Es Sider, Libya’s flagship grade, is now trading at a $1/bbl premium to North Sea Dated, highlighting confidence in the country’s recovery and its importance to European supply.
🏝 Middle East: OSP Cuts Signal Softness
Saudi Aramco has trimmed November official selling prices (OSPs) for most grades, a move signaling growing concern over a potential supply glut.
- Arab Medium and Heavy to Asia dropped by $0.30/bbl, even as the Dubai M1–M3 spread firmed by $0.3–$0.4/bbl in September.
- Dubai backwardation has since collapsed to $0.8/bbl, down from nearly $2/bbl last month.
Aramco’s pricing strategy appears aimed at stimulating term liftings as OPEC+ gradually rolls back voluntary cuts. However, refiners are already well-covered for December arrivals, limiting near-term upside for Saudi exports.
🇨🇳 China’s Buying Behavior: Stockpiling Continues
Chinese refiners are expected to maintain high November nominations (~50 million barrels) after taking 51 million barrels in October.
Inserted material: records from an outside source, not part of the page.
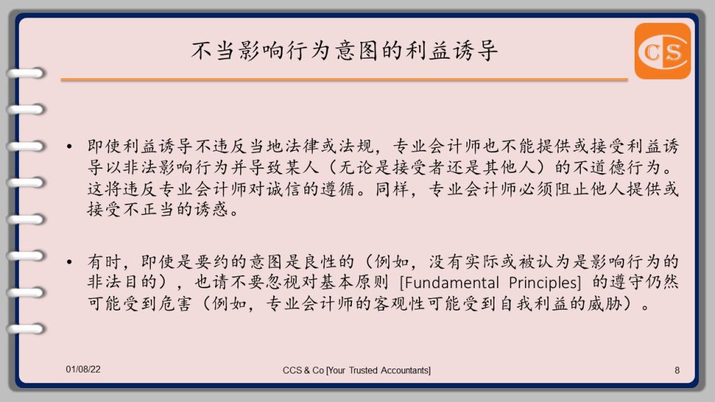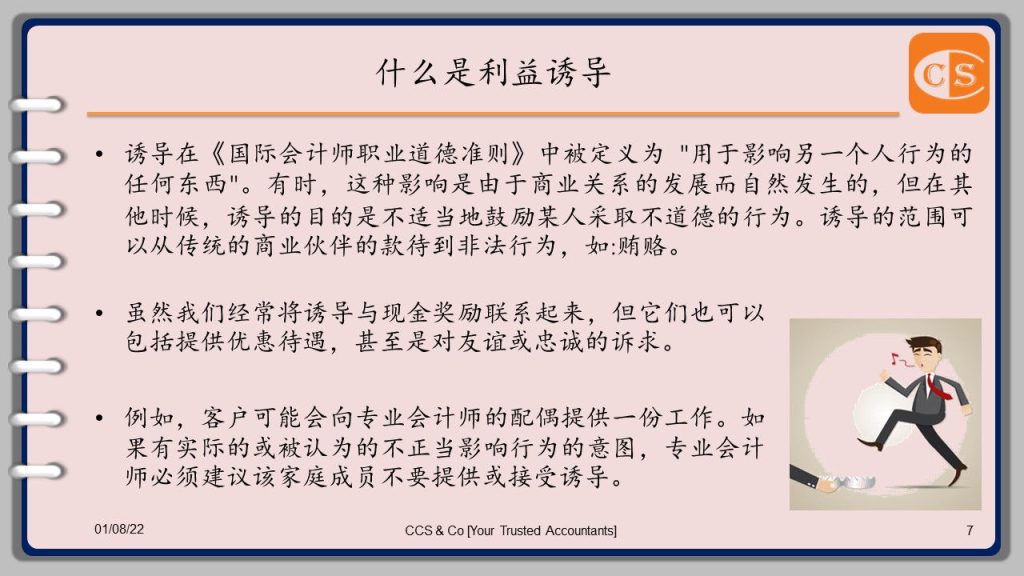 1. 诱导在《国际会计师职业道德准则》中被定义为 “用于影响另一个人行为的任何东西”。
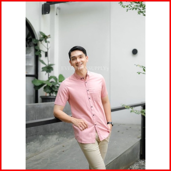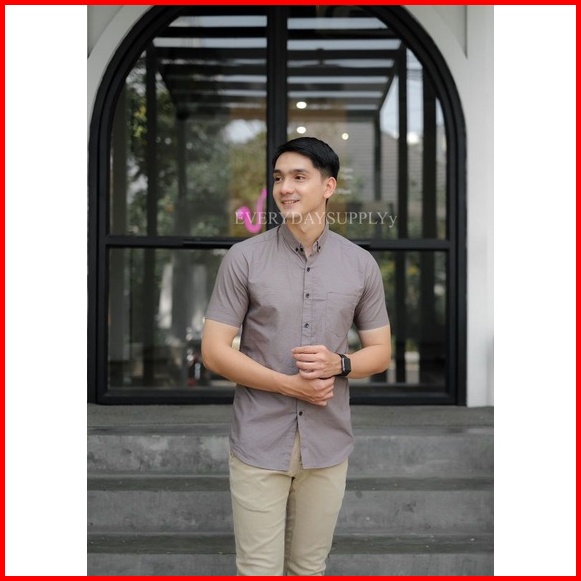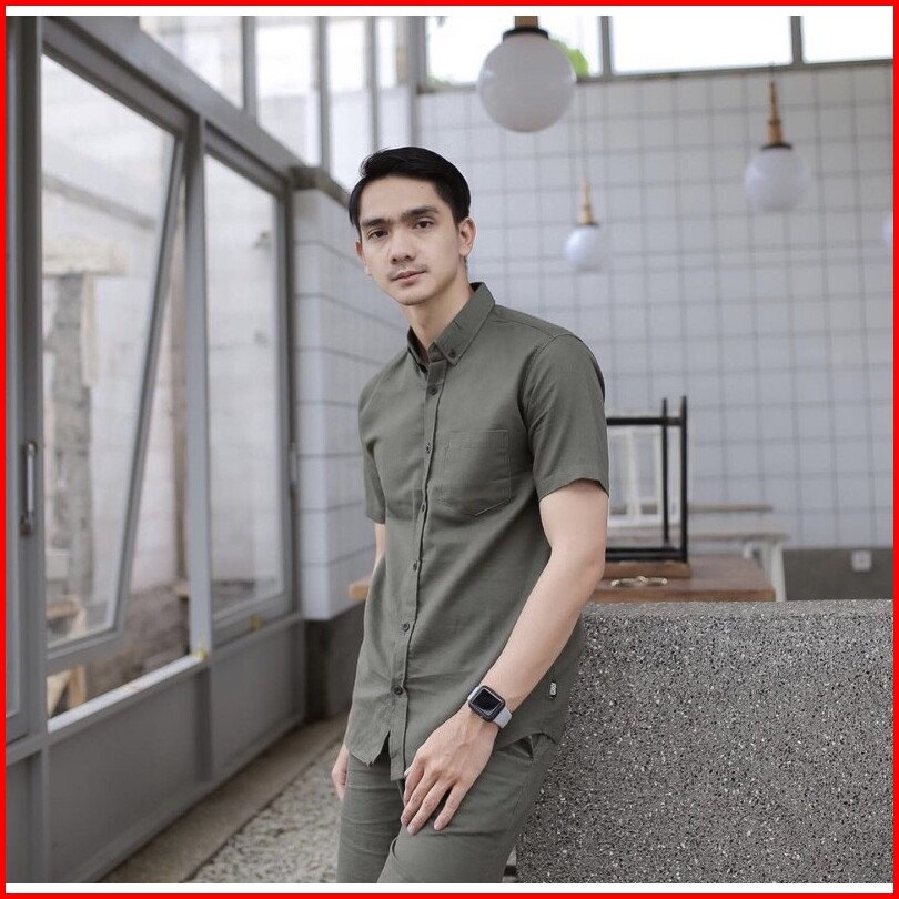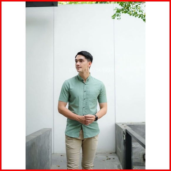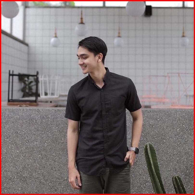 Kemeja Polos Pria Lengan Pendek Slimfit Warna Hijau Army Hitam Putih
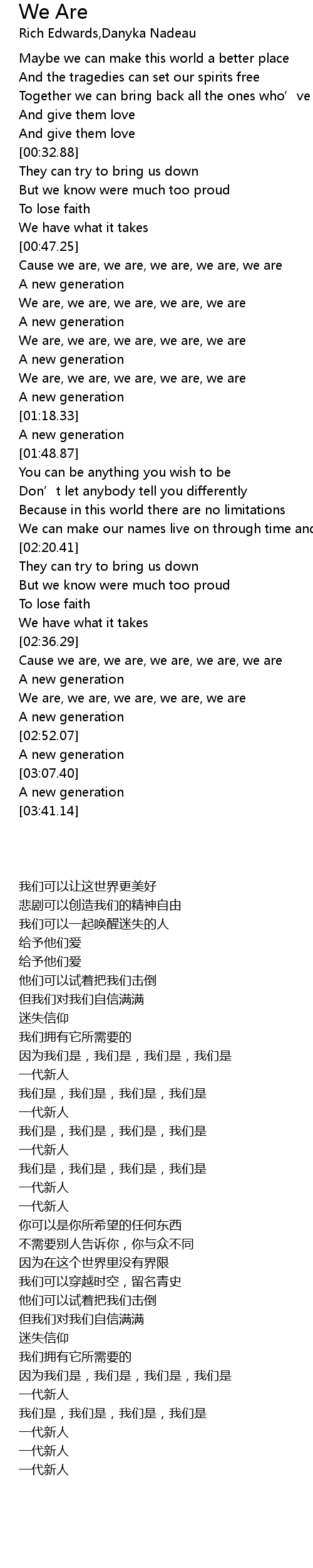 | [00:48.01] | Cause we are, we are, we are, we are, we are |
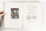 SACCO. Luigi. Trattato di vaccinazione, con osservazioni sul giavardo e vajuolo pecorino. Milano. Dalla tipografia Mussi. 1809. 1 volume in-4, cartonnage d'attente postérieur, pièce de titre beige, non coupé. Edition originale, illustré d'un portrait-frontispice du Dr Jenner et de 4 planches dépliantes en couleurs. C'est le premier ouvrage majeur publié sur ce sujet en Italie. Infime trou de vers sur les premiers feuillets.
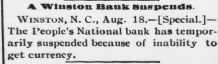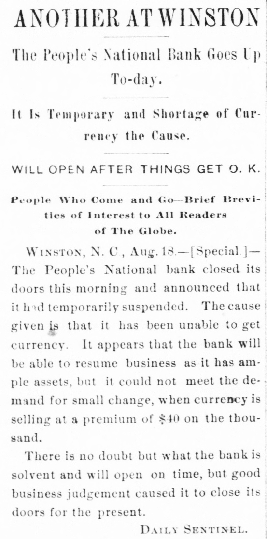 ANOTHER AT WINSTON The People's National Bank Goes Up To-day. It Is Temporary and Shortage of Currency the Cause. WILL OPEN AFTER THINGS GET O. K. People Who Come and Go-Brief Brevities of Interest to All Readers of The Globe. WINSTON, N. C, Aug. 18.-[Special.]The People's National bank closed its doors this morning and announced that it had temporarily suspended. The cause given is that it has been unable to get currency. It appears that the bank will be able to resume business as it has ample assets, but it could not meet the demand for small change, when currency is selling at a premium of $40 on the thousand. There is no doubt but what the bank is solvent and will open on time, but good business judgement caused it to close its doors for the present. DAILY SENTINEL.
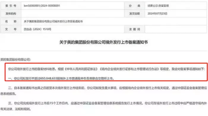 起因是7月23日,证监会IPO备案的公告披露,拟发行不超过650,848,633股境外上市普通股并在香港联合交易所上市。这意味着美的集团有望成为A股和港股同时上市的家电企业,更有望成为近年来港股规模最大的IPO之一。
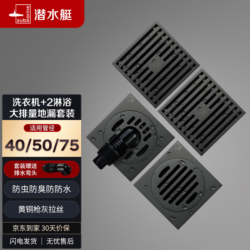 潜水艇(Submarine)黄铜枪灰色防臭地漏套装40管移位2个大排量淋浴+干湿区+洗衣机价格:462.00元!
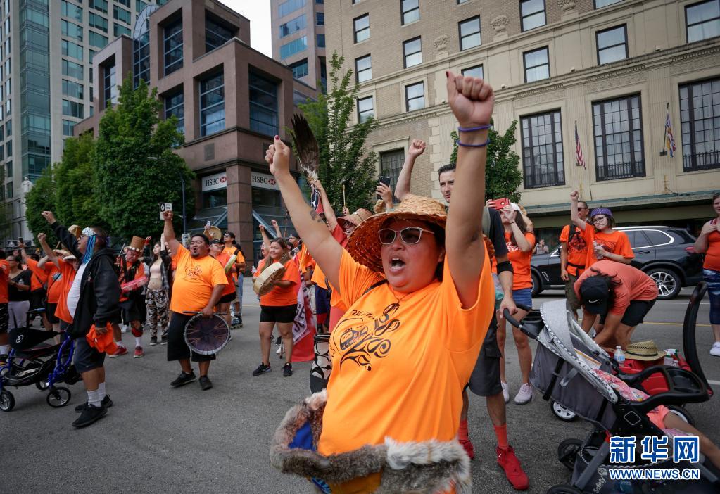 當(dāng)天是加拿大日,上千名抗議者在溫哥華集會(huì),悼念加拿大在強(qiáng)制“同化”原住民過(guò)程中遭到殘害的兒童,呼吁取消加拿大日的慶祝活動(dòng)。
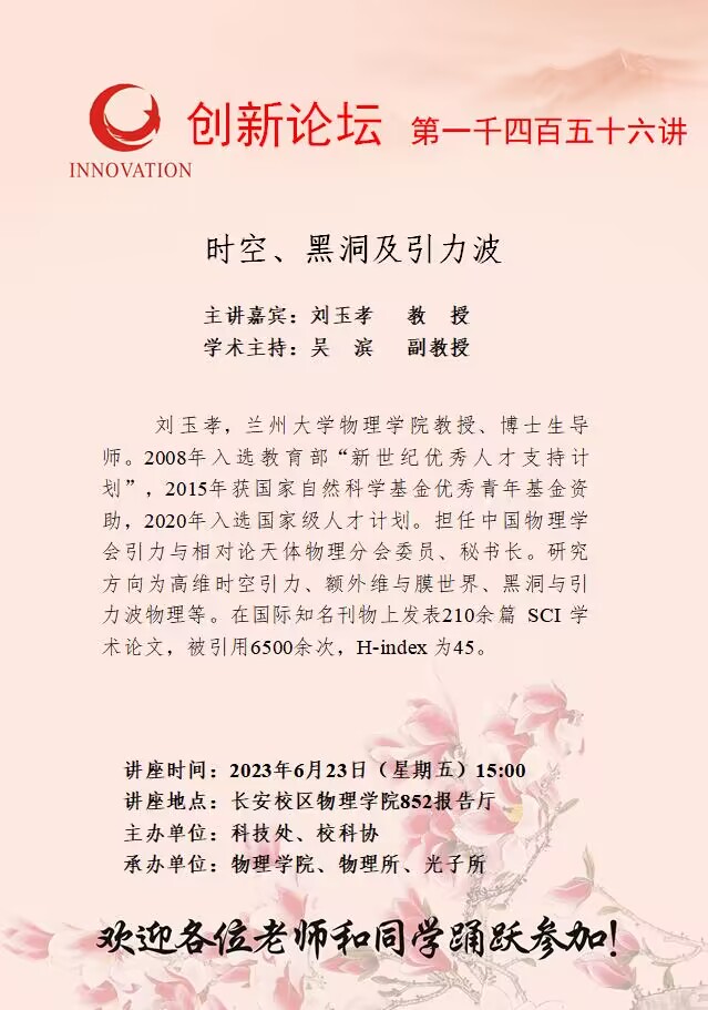 乐投平台创新论坛第一千四百五十六讲: 时空、黑洞及引力波
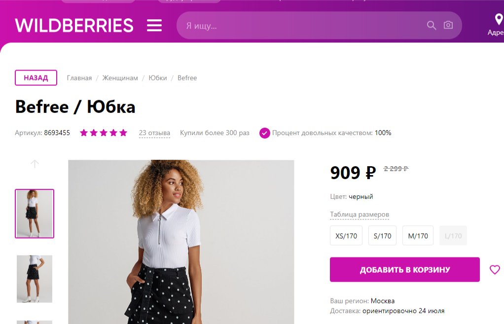 В 7-ом сезон шоу "Холостяк", где завидным женихом был стоматолог Антон Криворотов, победила Барбара Пино. Необычная внешность срязу привлекла всех телезрителей. Как и большинство участниц шоу, Барбара модель, но никто не задумывался, где. Сама Барбара в своём инстаграм ничего не говорила о сотрудничестве с магазином befree. Но и тот факт, что она не на обложке VOGUE, а на WIDLBERRIES, не заставит фанатов разлюбить её.
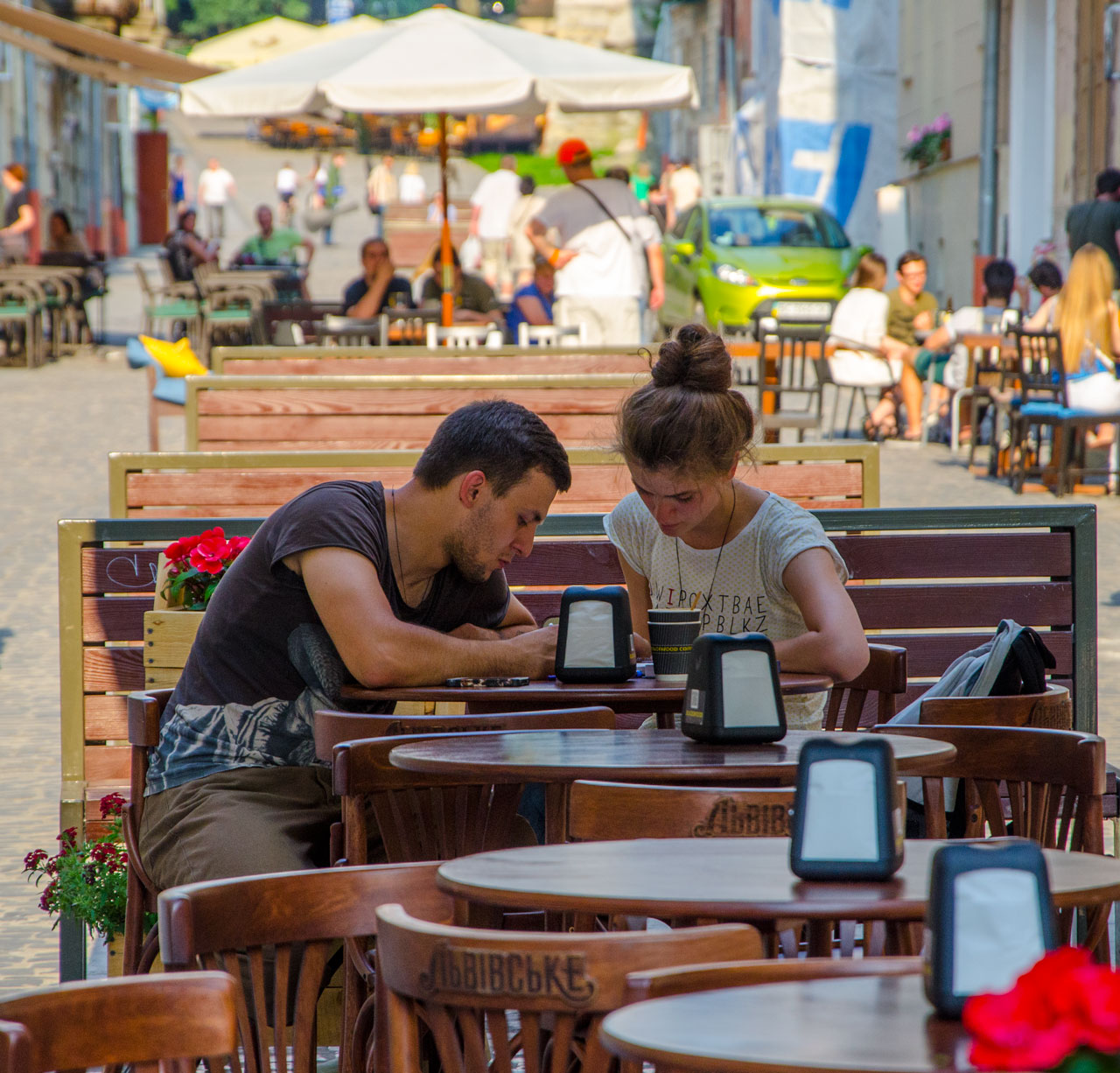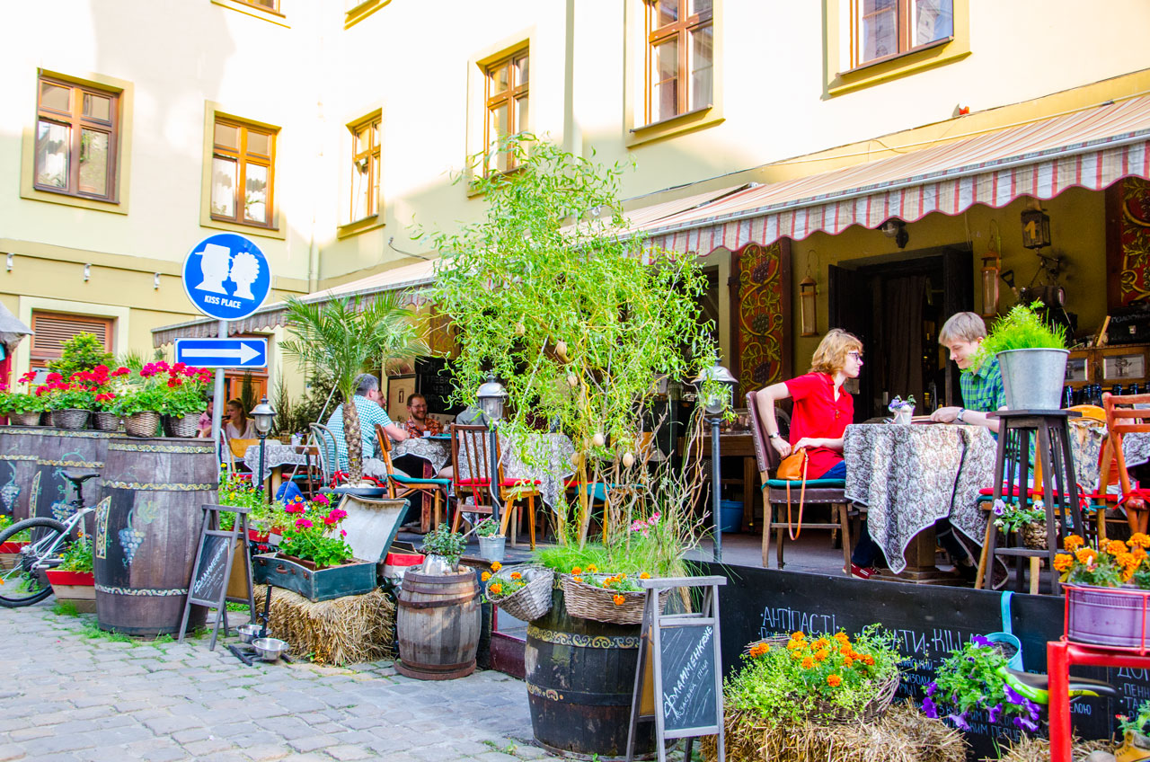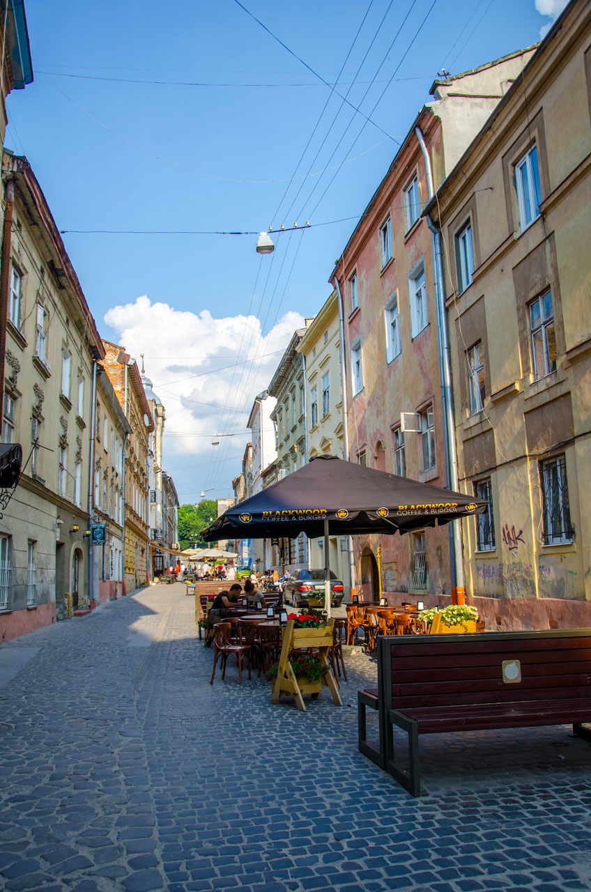 По-особливому затишна пішохідна вуличка, що обладнана лавочками просто посередині, за теплої пори року перетворюється на майже суцільну кав’ярню. А в променях вечірнього сонця вулиця набуває ще більшої чарівності та магічності.

Onshore inventories fell in September, indicating strong refinery runs and limited strategic reserve additions at higher prices. With softer Q4 pricing, China is likely refilling its SPR at an accelerated pace through March 2026, quietly supporting global demand even as the market braces for oversupply.
🇮🇶 ExxonMobil’s Return to Iraq
ExxonMobil’s new accord with Basra Oil Company and SOMO signals a revival of Iraq’s upstream ambitions. The plan includes boosting output at the Majnoon field (240 kbd) and expanding export capacity.
This aligns with Iraq’s broader goal to raise production capacity to 6 Mbd by 2029, up from 4.5 Mbd today.
Parallel expansions by BP (Kirkuk) and PetroChina (West Qurna-1) show growing international alignment behind Iraq’s development push.
⚡ Summary: Abundance Meets Fragility
The global oil market is simultaneously flooded and fragile.
- The U.S. is producing at record levels, but drilling activity suggests a near-term peak.
- European logistics remain vulnerable, exposed to chokepoints from Skagen to Trieste.
- OPEC+ is walking a fine line, balancing supply discipline against market share.
- Asia’s refiners, led by China, are absorbing surplus barrels—but stockpiling can only last so long.
As 2025 winds down, the system is stretched between short-term surplus and medium-term scarcity—a classic setup for volatility.